▶ PROBLEM STATEMENT:
For each entry, repeat the text exactly and omit any picture it holds.

[Data excerpts]
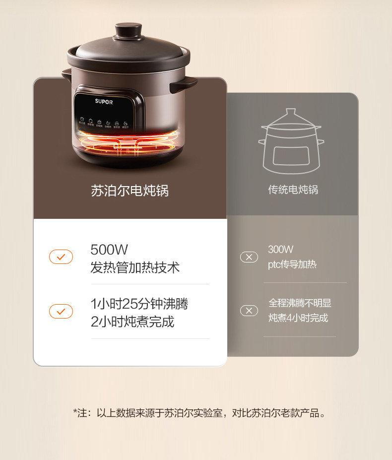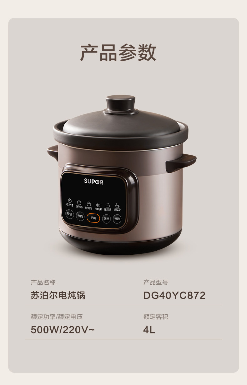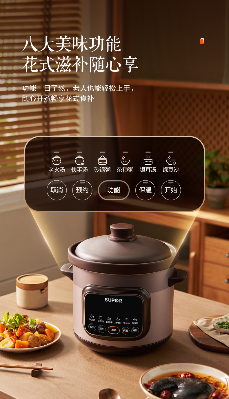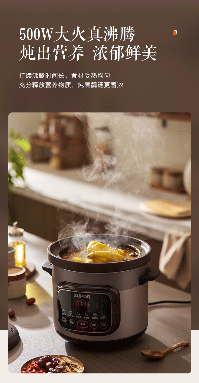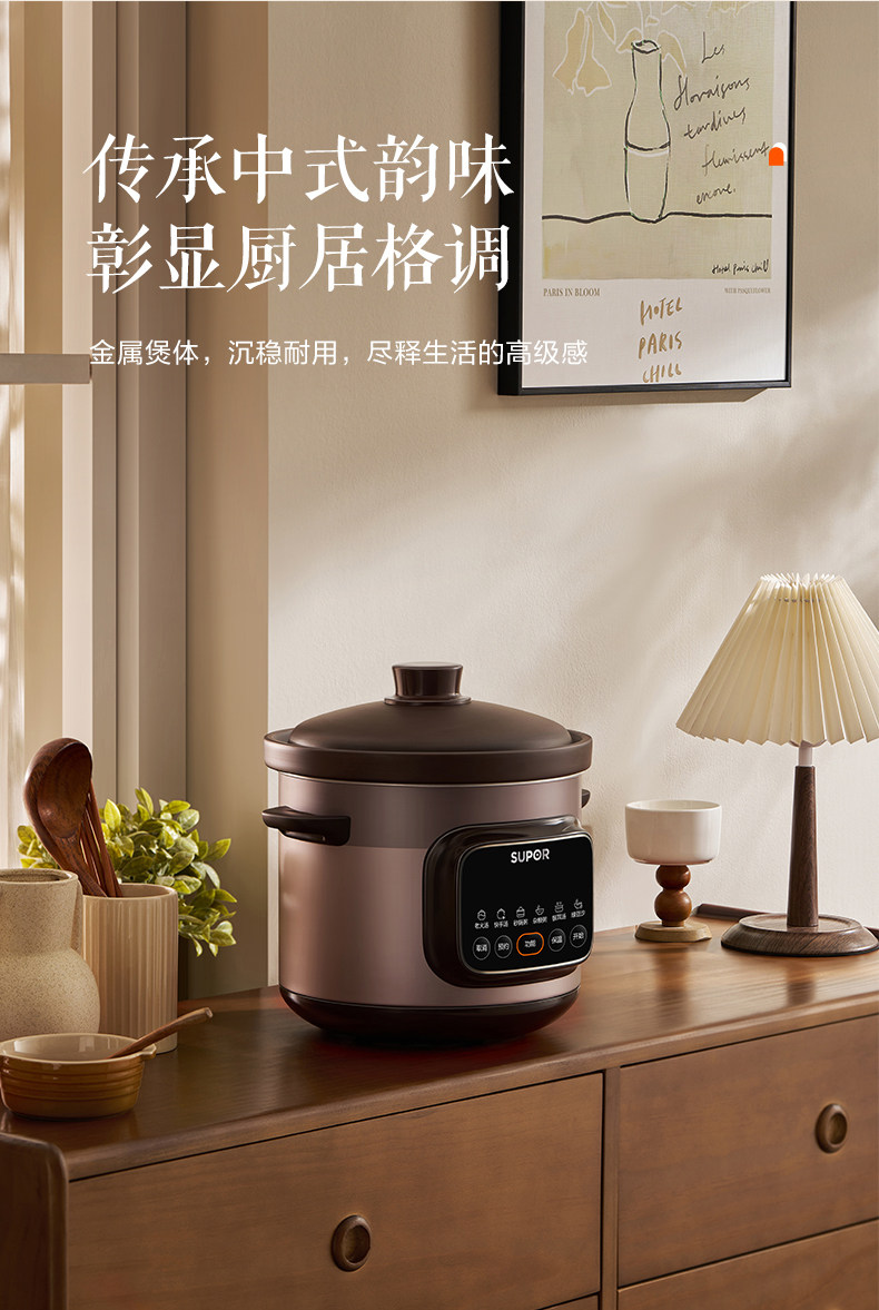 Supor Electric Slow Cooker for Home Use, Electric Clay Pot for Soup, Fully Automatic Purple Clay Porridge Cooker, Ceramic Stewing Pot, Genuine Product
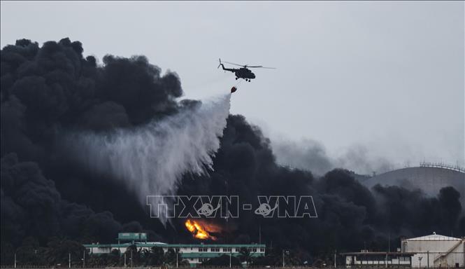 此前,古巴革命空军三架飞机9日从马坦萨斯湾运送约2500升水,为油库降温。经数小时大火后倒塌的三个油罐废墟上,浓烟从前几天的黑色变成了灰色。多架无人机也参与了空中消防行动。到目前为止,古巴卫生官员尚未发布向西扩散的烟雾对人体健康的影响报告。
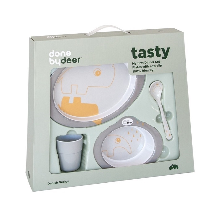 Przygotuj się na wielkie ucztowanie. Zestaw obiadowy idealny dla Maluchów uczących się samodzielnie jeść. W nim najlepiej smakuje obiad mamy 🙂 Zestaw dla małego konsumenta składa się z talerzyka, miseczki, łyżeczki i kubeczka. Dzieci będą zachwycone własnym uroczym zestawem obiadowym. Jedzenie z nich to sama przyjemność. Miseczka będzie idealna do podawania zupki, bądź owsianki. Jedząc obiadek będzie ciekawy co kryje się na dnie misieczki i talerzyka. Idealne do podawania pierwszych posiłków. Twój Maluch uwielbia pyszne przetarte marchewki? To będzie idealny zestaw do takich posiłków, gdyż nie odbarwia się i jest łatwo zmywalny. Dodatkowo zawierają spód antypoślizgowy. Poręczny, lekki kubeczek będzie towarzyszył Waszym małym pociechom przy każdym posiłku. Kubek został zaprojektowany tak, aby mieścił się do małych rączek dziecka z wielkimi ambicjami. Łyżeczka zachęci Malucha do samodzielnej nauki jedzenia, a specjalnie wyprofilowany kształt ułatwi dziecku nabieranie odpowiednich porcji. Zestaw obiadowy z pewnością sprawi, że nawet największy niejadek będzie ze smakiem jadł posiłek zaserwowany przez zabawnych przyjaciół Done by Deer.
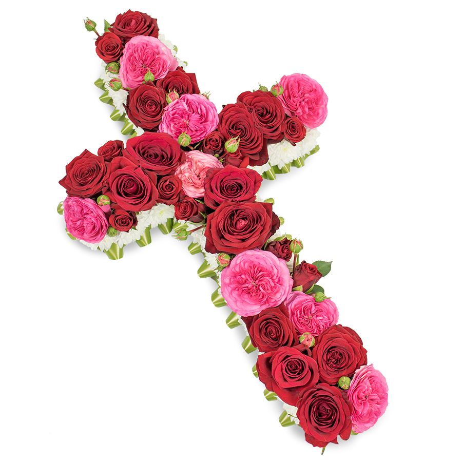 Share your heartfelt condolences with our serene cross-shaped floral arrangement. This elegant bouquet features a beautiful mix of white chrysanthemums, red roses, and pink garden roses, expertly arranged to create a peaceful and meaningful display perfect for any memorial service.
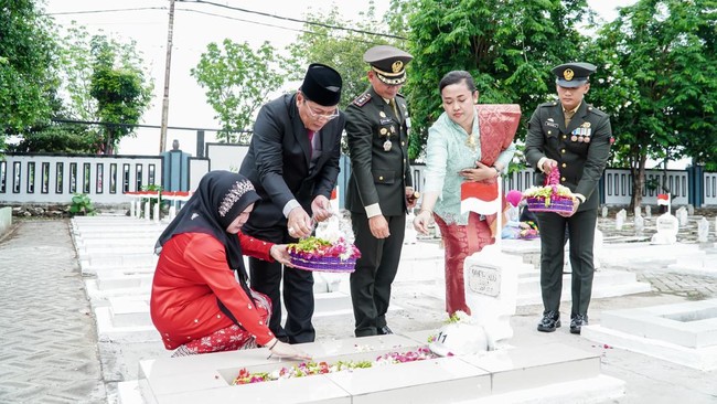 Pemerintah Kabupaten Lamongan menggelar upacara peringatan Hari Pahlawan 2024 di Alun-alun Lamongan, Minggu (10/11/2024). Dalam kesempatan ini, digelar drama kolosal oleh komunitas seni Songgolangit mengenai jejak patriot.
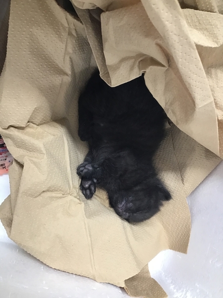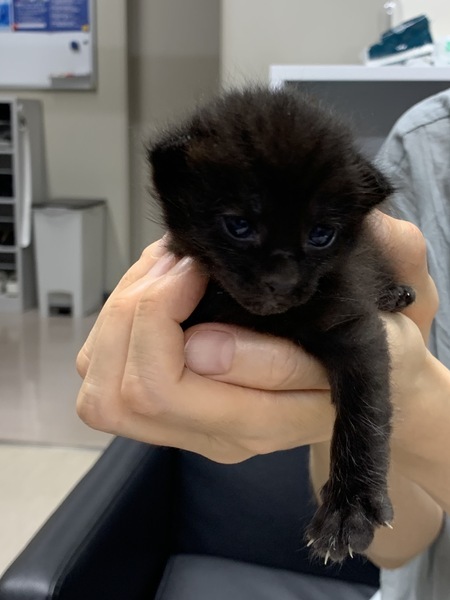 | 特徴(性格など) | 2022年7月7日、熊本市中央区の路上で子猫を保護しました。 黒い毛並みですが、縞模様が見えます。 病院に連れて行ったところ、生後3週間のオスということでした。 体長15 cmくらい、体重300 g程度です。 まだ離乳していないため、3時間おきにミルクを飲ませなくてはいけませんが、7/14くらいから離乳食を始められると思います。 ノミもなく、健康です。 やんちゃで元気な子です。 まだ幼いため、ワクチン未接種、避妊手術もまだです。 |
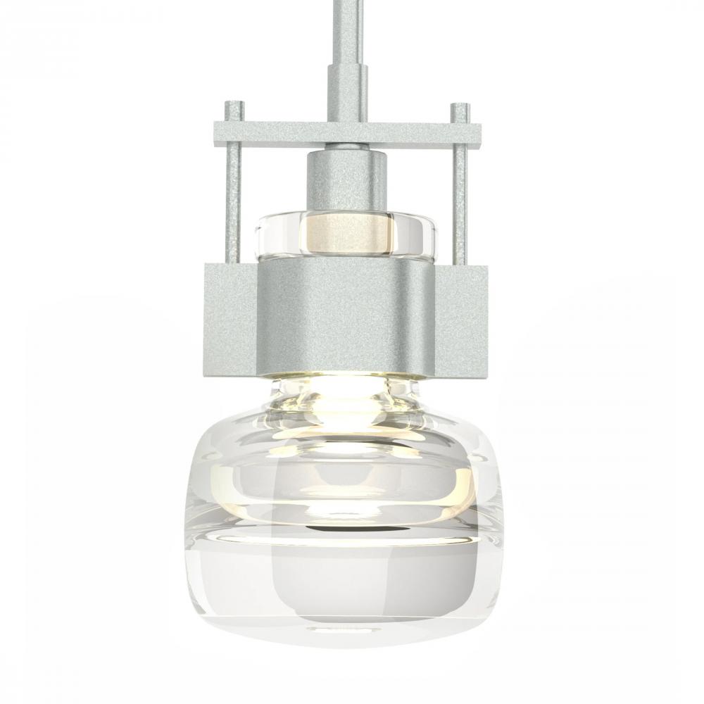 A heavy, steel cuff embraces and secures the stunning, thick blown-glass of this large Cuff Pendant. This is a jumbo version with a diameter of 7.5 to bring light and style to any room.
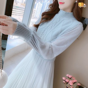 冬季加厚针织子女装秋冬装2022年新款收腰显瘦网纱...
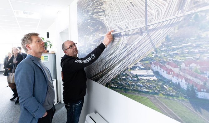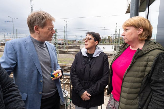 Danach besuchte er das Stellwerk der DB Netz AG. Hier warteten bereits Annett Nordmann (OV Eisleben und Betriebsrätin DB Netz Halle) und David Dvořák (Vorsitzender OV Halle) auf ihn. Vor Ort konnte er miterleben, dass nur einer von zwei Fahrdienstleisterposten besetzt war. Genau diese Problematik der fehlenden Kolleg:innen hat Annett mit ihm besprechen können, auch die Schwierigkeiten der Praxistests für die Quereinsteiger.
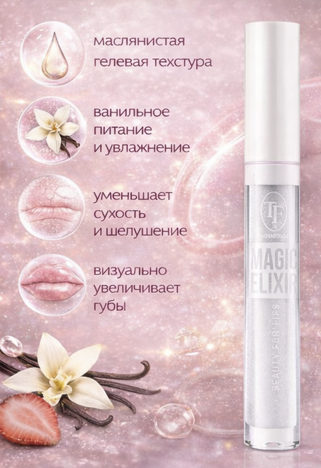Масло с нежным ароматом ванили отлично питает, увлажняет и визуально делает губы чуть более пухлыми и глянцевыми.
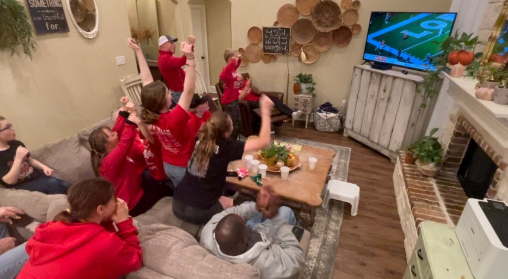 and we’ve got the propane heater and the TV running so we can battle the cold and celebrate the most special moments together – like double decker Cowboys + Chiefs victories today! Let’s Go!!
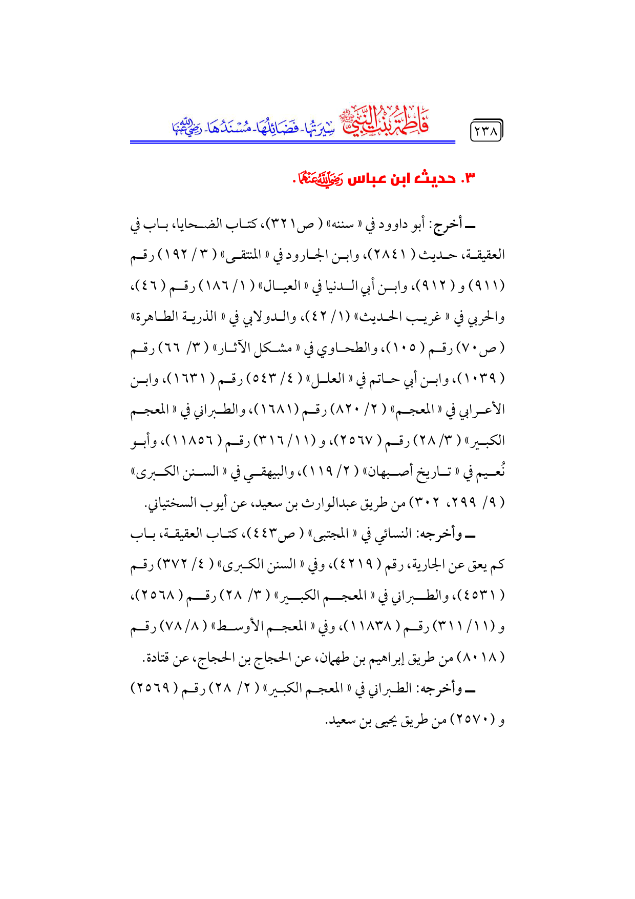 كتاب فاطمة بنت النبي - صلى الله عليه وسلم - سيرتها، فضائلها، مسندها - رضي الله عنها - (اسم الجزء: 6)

▶ WRITTEN RESPONSE:
 Supor Electric Slow Cooker for Home Use, Electric Clay Pot for Soup, Fully Automatic Purple Clay Porridge Cooker, Ceramic Stewing Pot, Genuine Product
 此前,古巴革命空军三架飞机9日从马坦萨斯湾运送约2500升水,为油库降温。经数小时大火后倒塌的三个油罐废墟上,浓烟从前几天的黑色变成了灰色。多架无人机也参与了空中消防行动。到目前为止,古巴卫生官员尚未发布向西扩散的烟雾对人体健康的影响报告。
 Przygotuj się na wielkie ucztowanie. Zestaw obiadowy idealny dla Maluchów uczących się samodzielnie jeść. W nim najlepiej smakuje obiad mamy 🙂 Zestaw dla małego konsumenta składa się z talerzyka, miseczki, łyżeczki i kubeczka. Dzieci będą zachwycone własnym uroczym zestawem obiadowym. Jedzenie z nich to sama przyjemność. Miseczka będzie idealna do podawania zupki, bądź owsianki. Jedząc obiadek będzie ciekawy co kryje się na dnie misieczki i talerzyka. Idealne do podawania pierwszych posiłków. Twój Maluch uwielbia pyszne przetarte marchewki? To będzie idealny zestaw do takich posiłków, gdyż nie odbarwia się i jest łatwo zmywalny. Dodatkowo zawierają spód antypoślizgowy. Poręczny, lekki kubeczek będzie towarzyszył Waszym małym pociechom przy każdym posiłku. Kubek został zaprojektowany tak, aby mieścił się do małych rączek dziecka z wielkimi ambicjami. Łyżeczka zachęci Malucha do samodzielnej nauki jedzenia, a specjalnie wyprofilowany kształt ułatwi dziecku nabieranie odpowiednich porcji. Zestaw obiadowy z pewnością sprawi, że nawet największy niejadek będzie ze smakiem jadł posiłek zaserwowany przez zabawnych przyjaciół Done by Deer.
 Share your heartfelt condolences with our serene cross-shaped floral arrangement. This elegant bouquet features a beautiful mix of white chrysanthemums, red roses, and pink garden roses, expertly arranged to create a peaceful and meaningful display perfect for any memorial service.
 Pemerintah Kabupaten Lamongan menggelar upacara peringatan Hari Pahlawan 2024 di Alun-alun Lamongan, Minggu (10/11/2024). Dalam kesempatan ini, digelar drama kolosal oleh komunitas seni Songgolangit mengenai jejak patriot.
 | 特徴(性格など) | 2022年7月7日、熊本市中央区の路上で子猫を保護しました。 黒い毛並みですが、縞模様が見えます。 病院に連れて行ったところ、生後3週間のオスということでした。 体長15 cmくらい、体重300 g程度です。 まだ離乳していないため、3時間おきにミルクを飲ませなくてはいけませんが、7/14くらいから離乳食を始められると思います。 ノミもなく、健康です。 やんちゃで元気な子です。 まだ幼いため、ワクチン未接種、避妊手術もまだです。 |
 A heavy, steel cuff embraces and secures the stunning, thick blown-glass of this large Cuff Pendant. This is a jumbo version with a diameter of 7.5 to bring light and style to any room.
 冬季加厚针织子女装秋冬装2022年新款收腰显瘦网纱...
 Danach besuchte er das Stellwerk der DB Netz AG. Hier warteten bereits Annett Nordmann (OV Eisleben und Betriebsrätin DB Netz Halle) und David Dvořák (Vorsitzender OV Halle) auf ihn. Vor Ort konnte er miterleben, dass nur einer von zwei Fahrdienstleisterposten besetzt war. Genau diese Problematik der fehlenden Kolleg:innen hat Annett mit ihm besprechen können, auch die Schwierigkeiten der Praxistests für die Quereinsteiger.
Масло с нежным ароматом ванили отлично питает, увлажняет и визуально делает губы чуть более пухлыми и глянцевыми.
 and we’ve got the propane heater and the TV running so we can battle the cold and celebrate the most special moments together – like double decker Cowboys + Chiefs victories today! Let’s Go!!
 كتاب فاطمة بنت النبي - صلى الله عليه وسلم - سيرتها، فضائلها، مسندها - رضي الله عنها - (اسم الجزء: 6)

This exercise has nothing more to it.